Custer was born Alexandra “Sasha” Alexandrovna Tanina in 1990, as the Soviet empire was coming apart, leaving many Russians dislocated and impoverished. She was a “social orphan” — her mother was alive, but abusive and neglectful. She went to the orphanage at age 4, with her 9-year-old sister.

Born prematurely, with a twin who soon died, she was in poor health. At 51/2, she weighed 30 pounds — about the size of an American 2-year-old — and was considered disabled because she had a hearing impairment and an astigmatism. In Los Angeles, she had eye treatment and speech therapy to compensate for hearing problems. She grew up skiing, camping and hiking with her family. She played soccer, ran, danced and swam. They lived near the beach. “It was an ideal place to grow up,” she said, and her health was good.

 “All my siblings are thriving,” she said. “I couldn’t ask for a better family.”

Recently, Dmitri Gudkov, one of the few legislators who opposed the adoption ban, met Custer. “She was lucky the scoundrels passed the law much later,” he wrote on his blog.

 Not all adoptees have done as well, Custer concedes, and her own life was not free of conflict and anxiety, especially during her teenage years. She felt a pull between the child born in a faraway country and the American girl she had become. It took her years to understand that she was both.

“I have two identities,” she said, “Julia and Sasha. Until high school, I was Julia. Then, I was Sasha. Before, I was confused. Now, I’m not.

” When she entered the University of the Pacific in Stockton, Calif., she decided to study Russian, a language she had mostly lost.

“My idea was to go back and save orphans,” she said, which at first concerned her Russian professor, Elena Savelieva-Thompson, one of the influential adults in her life. “She was worried I was too much of a dreamer.”

Friends and siblings told her to let the past be the past. “For me, it wasn’t enough,” she said. “I have a Russian soul.”

 Return to Russia

In 2011, she returned to St. Petersburg to study Russian, and her first breath of the city stirred visceral memories. “The smell floored me,” she said. “I almost had to sit down. It brought back memories I couldn’t pinpoint. What was I thinking, coming back? I thought I wasn’t strong enough to come back to this city that let me go.”
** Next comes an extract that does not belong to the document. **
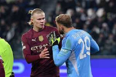 Torino 11.12.2024 Allianz Stadium ©Manuela Viganti/Agenzia Aldo Liverani Juventus vs Manchester City Uefa Champions League 2024/2025 6a giornata Nella foto: erling haaland e michele di gregorio

She visited her orphanage, became involved with the children, got to know the director. “I was not ready to find my birth mom,” she said. “I was afraid of answers I didn’t want to face.”

Back in California, she won a Fulbright scholarship and returned to Russia in September to teach English at a technical college in Tambov, a city of 280,000 about 300 miles southeast of Moscow.

On a recent visit to Moscow for a Fulbright conference, she said she hopes to adopt a Russian child herself some day. She wants to start a program to encourage Americans to make connections with orphans here, by letter and online. She wants to encourage Russians, who adopt in small numbers, to do more.

“I can give what I got from my American side,” she said, “back to my Russian side.”